Dataset excerpts:
◇ ◇ ◇ ◇ ◇

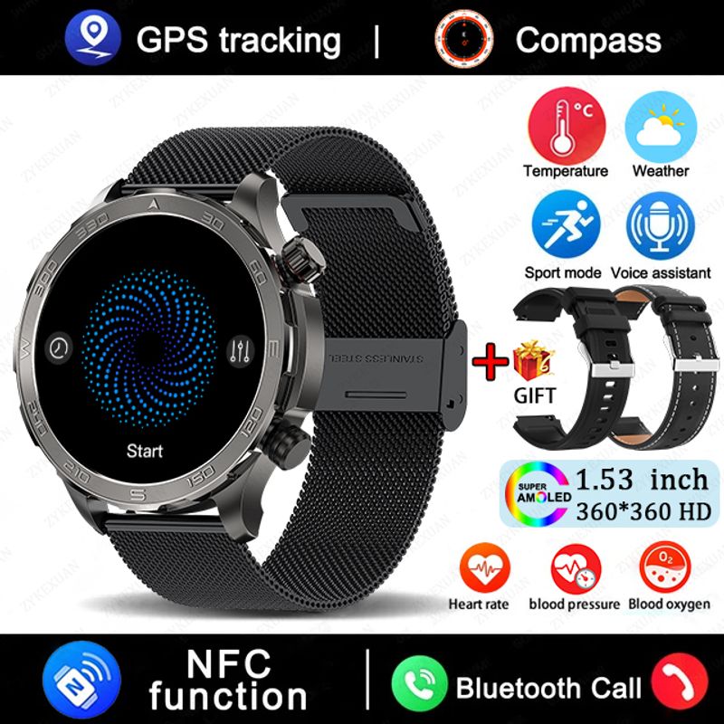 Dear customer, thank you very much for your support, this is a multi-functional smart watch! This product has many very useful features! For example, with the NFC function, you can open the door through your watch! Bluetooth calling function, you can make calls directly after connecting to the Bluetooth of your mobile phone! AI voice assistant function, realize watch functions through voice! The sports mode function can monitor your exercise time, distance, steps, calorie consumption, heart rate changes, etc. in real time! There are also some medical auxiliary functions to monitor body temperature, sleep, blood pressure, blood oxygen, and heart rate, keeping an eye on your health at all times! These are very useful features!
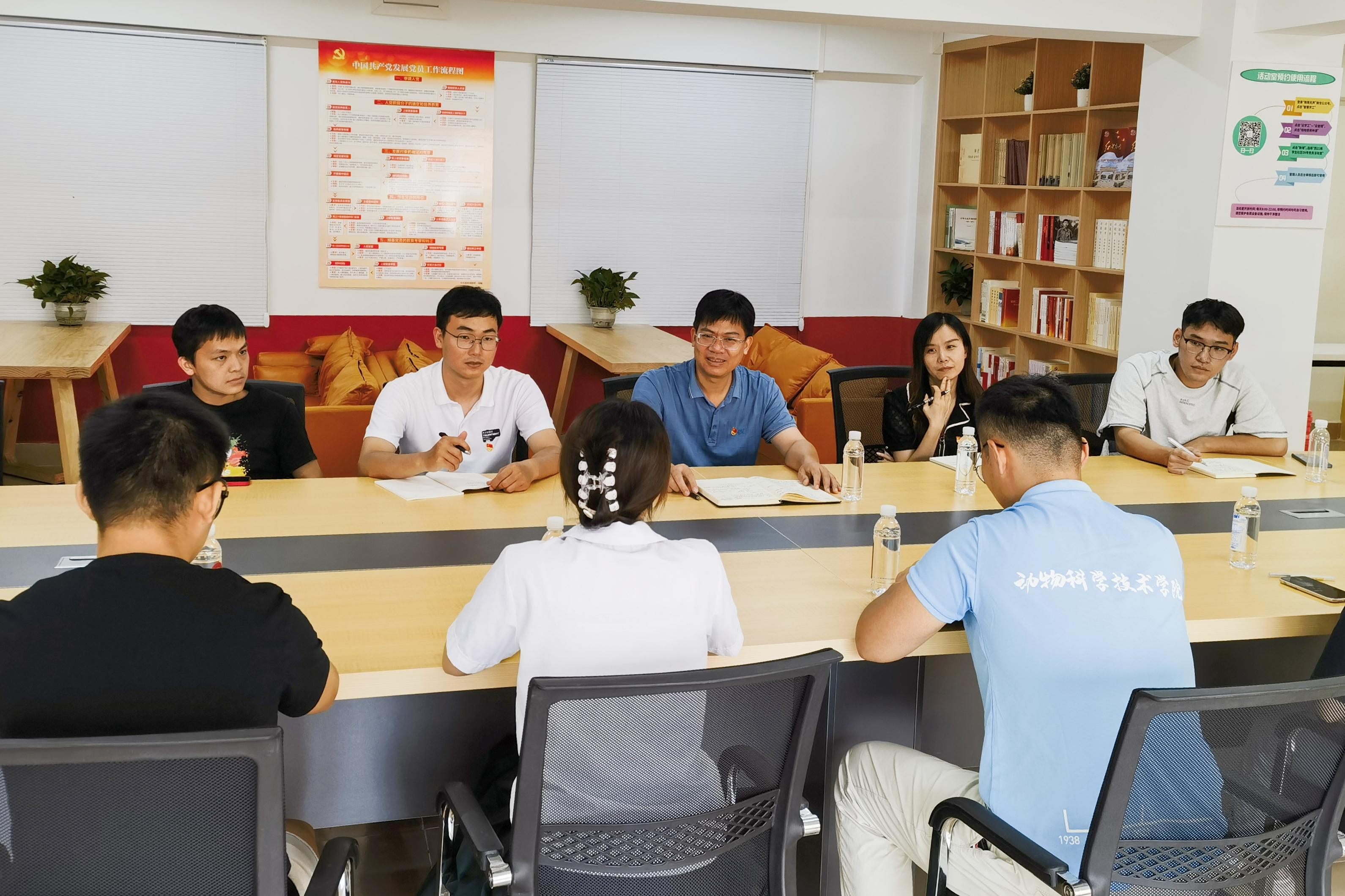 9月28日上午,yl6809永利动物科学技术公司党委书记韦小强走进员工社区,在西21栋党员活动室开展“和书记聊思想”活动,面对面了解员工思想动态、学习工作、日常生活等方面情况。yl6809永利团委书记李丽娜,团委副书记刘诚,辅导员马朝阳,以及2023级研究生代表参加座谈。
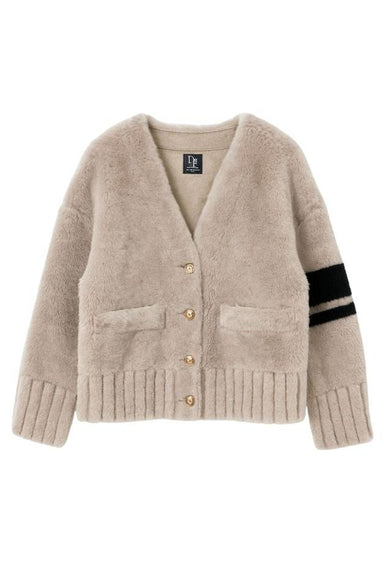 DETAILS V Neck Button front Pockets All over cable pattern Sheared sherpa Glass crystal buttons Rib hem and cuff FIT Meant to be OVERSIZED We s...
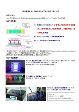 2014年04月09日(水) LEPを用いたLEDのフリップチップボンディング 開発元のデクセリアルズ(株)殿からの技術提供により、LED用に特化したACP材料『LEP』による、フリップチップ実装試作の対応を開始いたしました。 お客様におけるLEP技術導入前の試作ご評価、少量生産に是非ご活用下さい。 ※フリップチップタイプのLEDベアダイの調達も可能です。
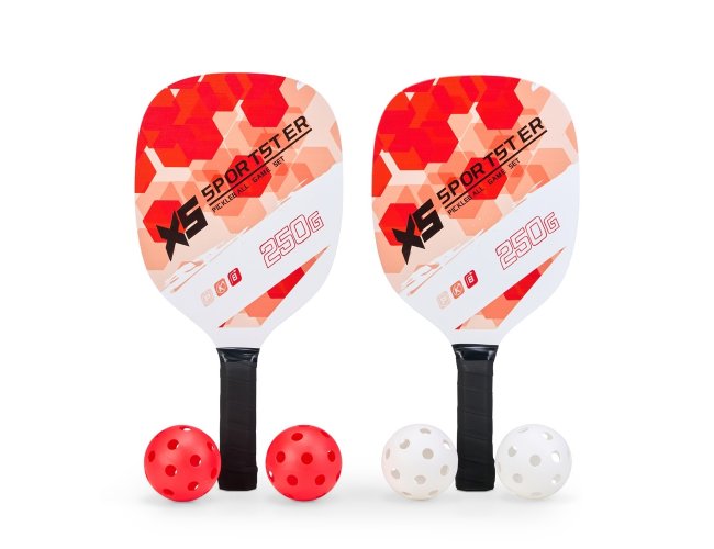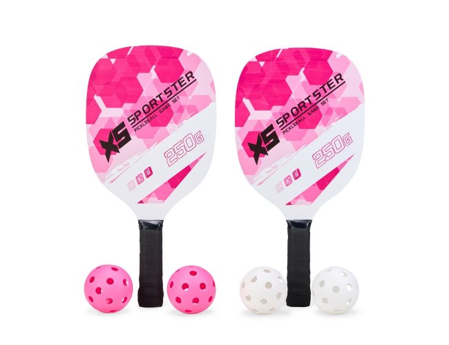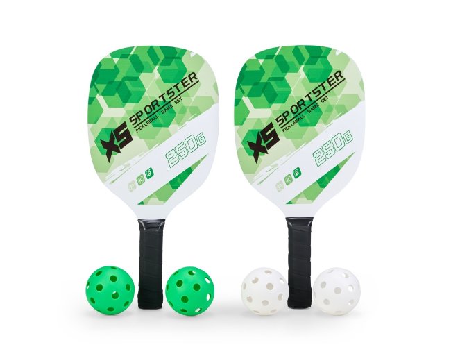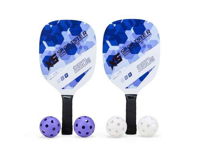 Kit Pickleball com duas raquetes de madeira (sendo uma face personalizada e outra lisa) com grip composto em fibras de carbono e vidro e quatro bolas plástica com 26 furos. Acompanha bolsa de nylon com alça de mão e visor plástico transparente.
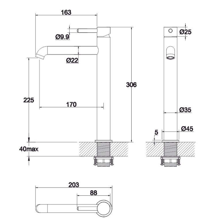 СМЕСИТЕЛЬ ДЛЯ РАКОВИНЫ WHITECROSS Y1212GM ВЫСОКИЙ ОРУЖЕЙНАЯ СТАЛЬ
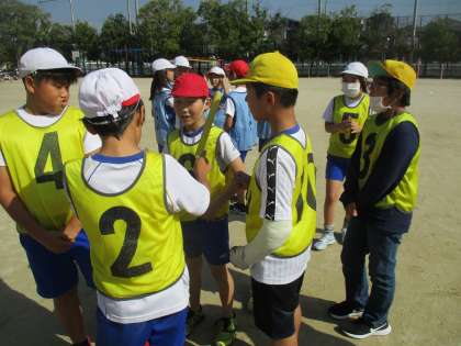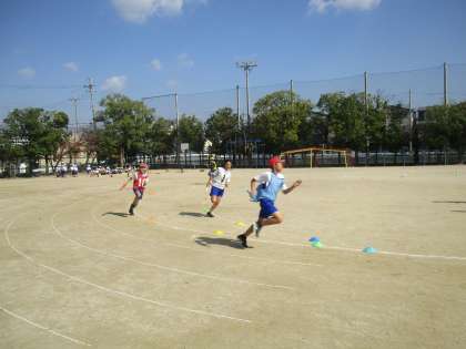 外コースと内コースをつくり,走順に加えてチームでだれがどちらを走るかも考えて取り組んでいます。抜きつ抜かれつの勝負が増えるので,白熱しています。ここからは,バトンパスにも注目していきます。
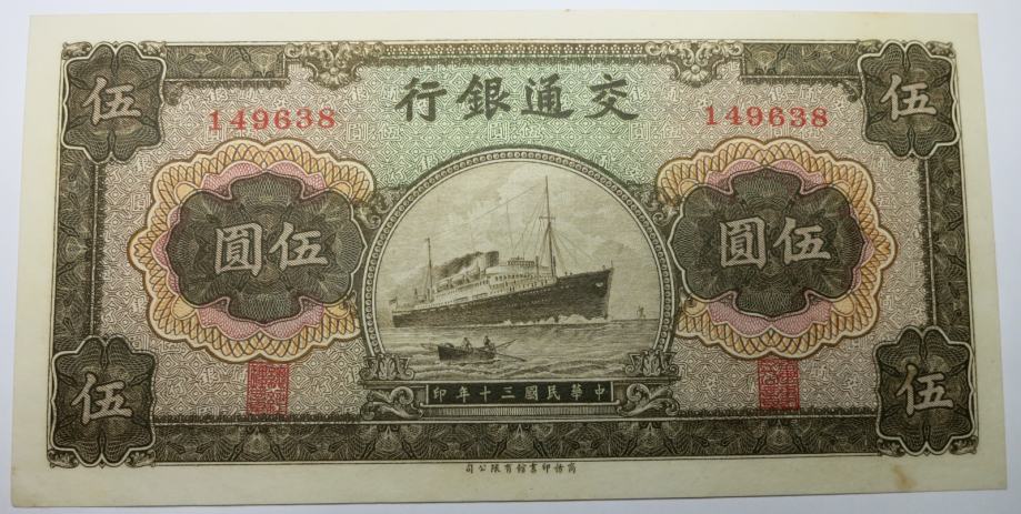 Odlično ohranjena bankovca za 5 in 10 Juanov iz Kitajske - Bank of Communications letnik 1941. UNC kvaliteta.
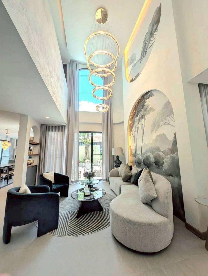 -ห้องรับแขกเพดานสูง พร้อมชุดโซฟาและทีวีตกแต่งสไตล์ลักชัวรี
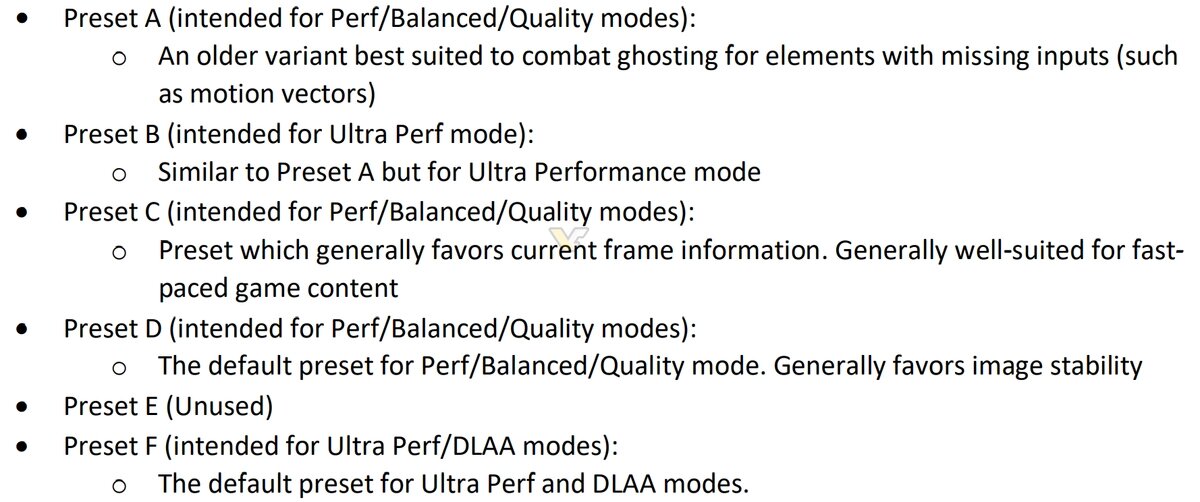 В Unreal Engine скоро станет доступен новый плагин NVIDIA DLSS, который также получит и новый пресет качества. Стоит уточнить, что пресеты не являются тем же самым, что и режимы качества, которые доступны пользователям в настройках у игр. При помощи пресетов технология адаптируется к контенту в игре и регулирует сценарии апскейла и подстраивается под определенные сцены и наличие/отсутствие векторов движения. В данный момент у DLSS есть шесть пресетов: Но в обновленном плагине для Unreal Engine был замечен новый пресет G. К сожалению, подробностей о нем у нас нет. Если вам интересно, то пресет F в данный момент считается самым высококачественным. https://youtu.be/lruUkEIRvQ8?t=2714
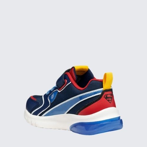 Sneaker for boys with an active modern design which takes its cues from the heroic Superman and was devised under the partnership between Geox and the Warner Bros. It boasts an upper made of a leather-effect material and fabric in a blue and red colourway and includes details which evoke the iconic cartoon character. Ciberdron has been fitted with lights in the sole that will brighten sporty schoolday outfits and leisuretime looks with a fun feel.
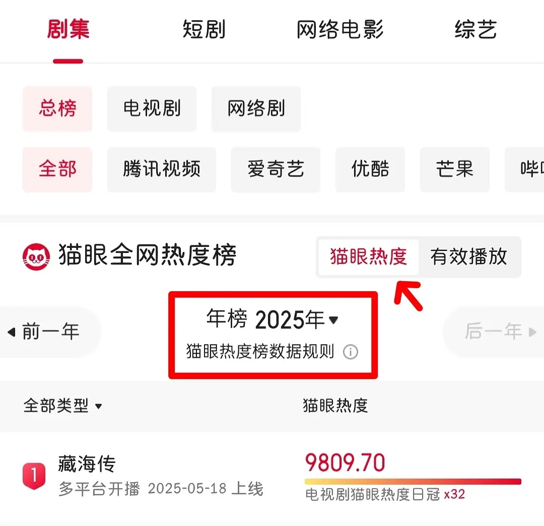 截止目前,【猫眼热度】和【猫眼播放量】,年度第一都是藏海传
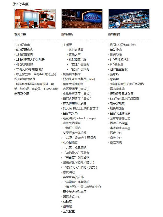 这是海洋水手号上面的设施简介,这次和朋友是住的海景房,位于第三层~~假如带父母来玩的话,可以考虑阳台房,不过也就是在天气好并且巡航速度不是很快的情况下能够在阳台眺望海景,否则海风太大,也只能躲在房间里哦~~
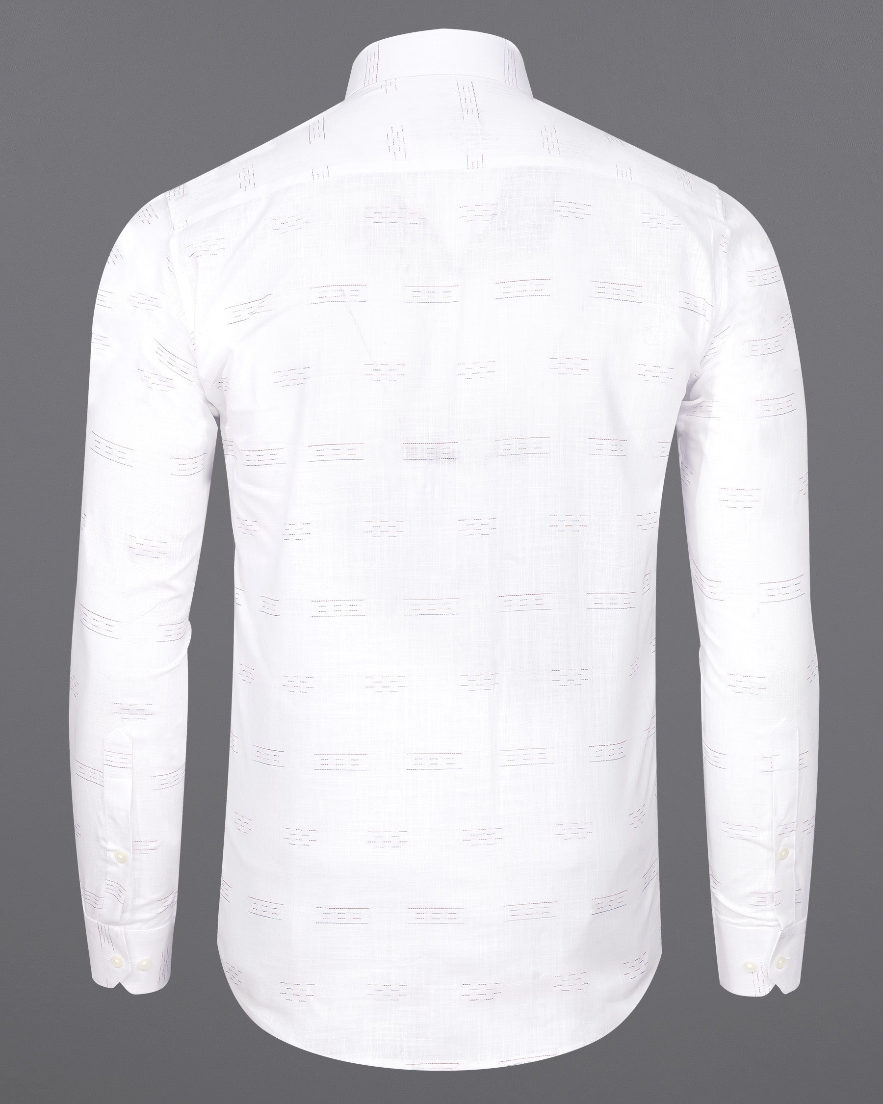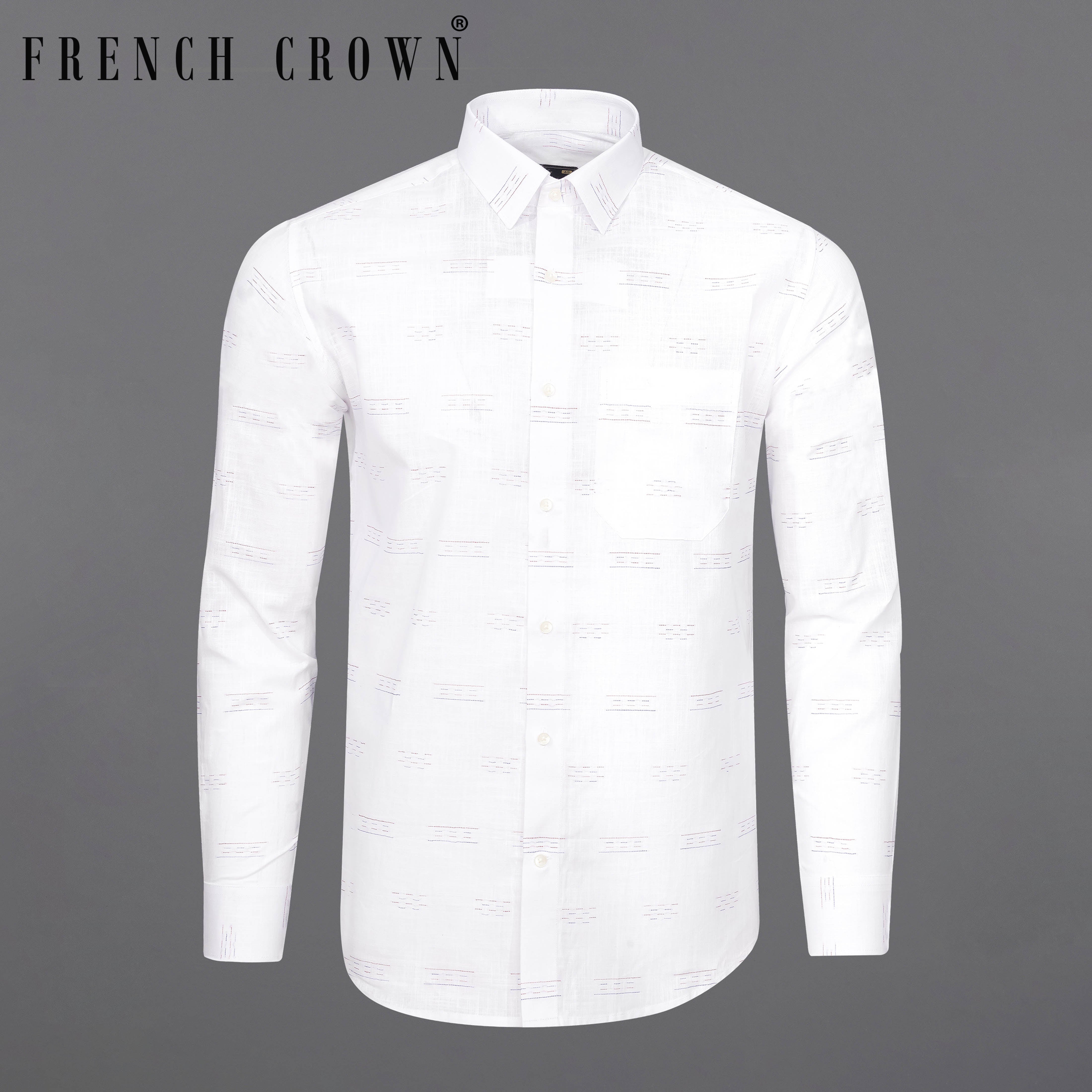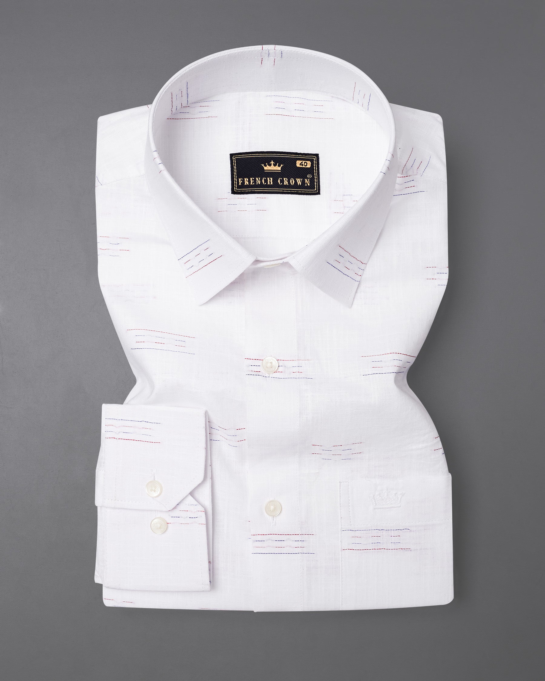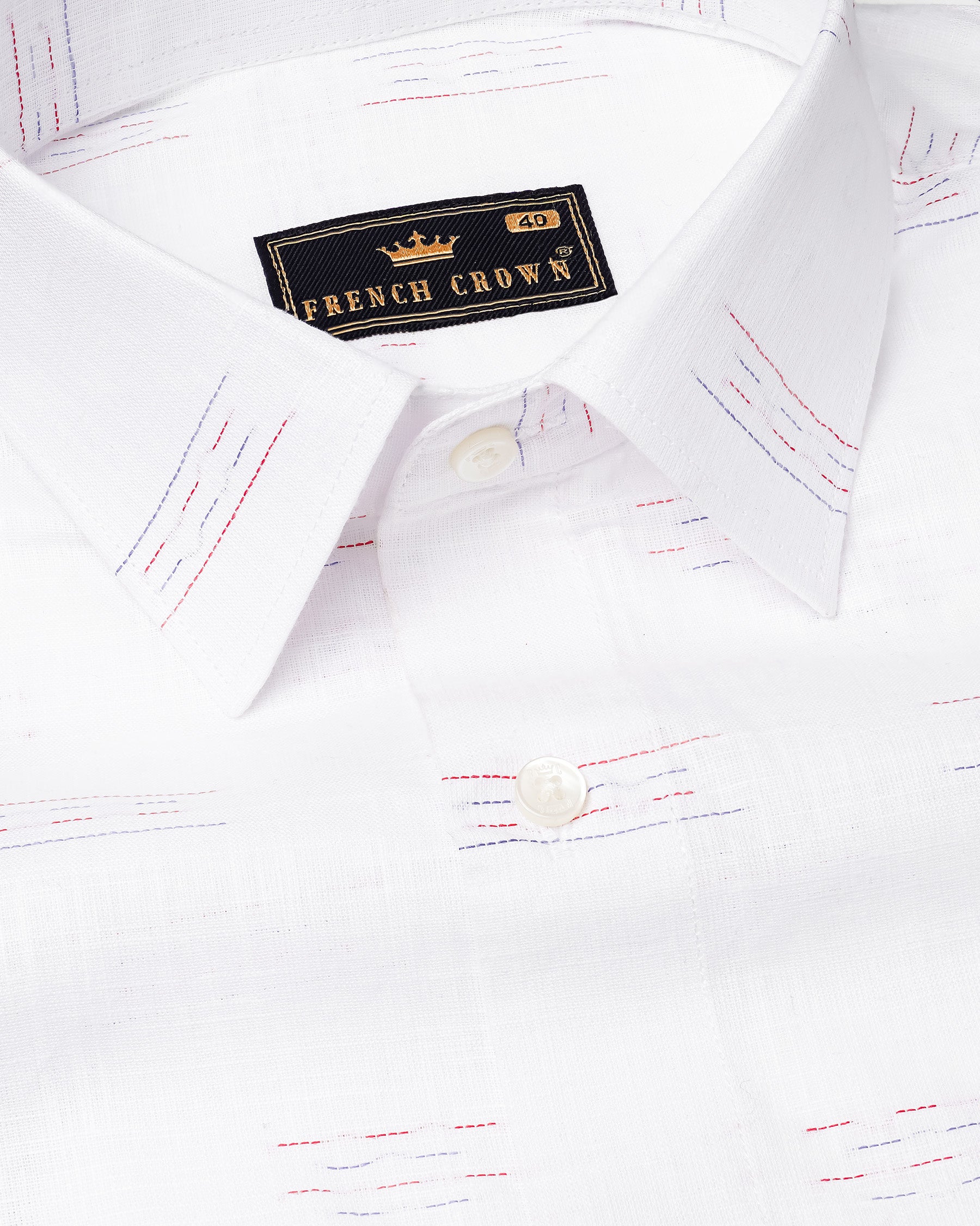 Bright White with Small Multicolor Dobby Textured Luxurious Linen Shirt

◇ ◇ ◇ ◇ ◇

> [Exercise directions]: Please repeat the data verbatim and leave the pictures out of your copy.

> [Finished exercise]:
 Dear customer, thank you very much for your support, this is a multi-functional smart watch! This product has many very useful features! For example, with the NFC function, you can open the door through your watch! Bluetooth calling function, you can make calls directly after connecting to the Bluetooth of your mobile phone! AI voice assistant function, realize watch functions through voice! The sports mode function can monitor your exercise time, distance, steps, calorie consumption, heart rate changes, etc. in real time! There are also some medical auxiliary functions to monitor body temperature, sleep, blood pressure, blood oxygen, and heart rate, keeping an eye on your health at all times! These are very useful features!
 9月28日上午,yl6809永利动物科学技术公司党委书记韦小强走进员工社区,在西21栋党员活动室开展“和书记聊思想”活动,面对面了解员工思想动态、学习工作、日常生活等方面情况。yl6809永利团委书记李丽娜,团委副书记刘诚,辅导员马朝阳,以及2023级研究生代表参加座谈。
 DETAILS V Neck Button front Pockets All over cable pattern Sheared sherpa Glass crystal buttons Rib hem and cuff FIT Meant to be OVERSIZED We s...
 2014年04月09日(水) LEPを用いたLEDのフリップチップボンディング 開発元のデクセリアルズ(株)殿からの技術提供により、LED用に特化したACP材料『LEP』による、フリップチップ実装試作の対応を開始いたしました。 お客様におけるLEP技術導入前の試作ご評価、少量生産に是非ご活用下さい。 ※フリップチップタイプのLEDベアダイの調達も可能です。
 Kit Pickleball com duas raquetes de madeira (sendo uma face personalizada e outra lisa) com grip composto em fibras de carbono e vidro e quatro bolas plástica com 26 furos. Acompanha bolsa de nylon com alça de mão e visor plástico transparente.
 СМЕСИТЕЛЬ ДЛЯ РАКОВИНЫ WHITECROSS Y1212GM ВЫСОКИЙ ОРУЖЕЙНАЯ СТАЛЬ
 外コースと内コースをつくり,走順に加えてチームでだれがどちらを走るかも考えて取り組んでいます。抜きつ抜かれつの勝負が増えるので,白熱しています。ここからは,バトンパスにも注目していきます。
 Odlično ohranjena bankovca za 5 in 10 Juanov iz Kitajske - Bank of Communications letnik 1941. UNC kvaliteta.
 -ห้องรับแขกเพดานสูง พร้อมชุดโซฟาและทีวีตกแต่งสไตล์ลักชัวรี
 В Unreal Engine скоро станет доступен новый плагин NVIDIA DLSS, который также получит и новый пресет качества. Стоит уточнить, что пресеты не являются тем же самым, что и режимы качества, которые доступны пользователям в настройках у игр. При помощи пресетов технология адаптируется к контенту в игре и регулирует сценарии апскейла и подстраивается под определенные сцены и наличие/отсутствие векторов движения. В данный момент у DLSS есть шесть пресетов: Но в обновленном плагине для Unreal Engine был замечен новый пресет G. К сожалению, подробностей о нем у нас нет. Если вам интересно, то пресет F в данный момент считается самым высококачественным. https://youtu.be/lruUkEIRvQ8?t=2714
 Sneaker for boys with an active modern design which takes its cues from the heroic Superman and was devised under the partnership between Geox and the Warner Bros. It boasts an upper made of a leather-effect material and fabric in a blue and red colourway and includes details which evoke the iconic cartoon character. Ciberdron has been fitted with lights in the sole that will brighten sporty schoolday outfits and leisuretime looks with a fun feel.
 截止目前,【猫眼热度】和【猫眼播放量】,年度第一都是藏海传
 这是海洋水手号上面的设施简介,这次和朋友是住的海景房,位于第三层~~假如带父母来玩的话,可以考虑阳台房,不过也就是在天气好并且巡航速度不是很快的情况下能够在阳台眺望海景,否则海风太大,也只能躲在房间里哦~~
 Bright White with Small Multicolor Dobby Textured Luxurious Linen Shirt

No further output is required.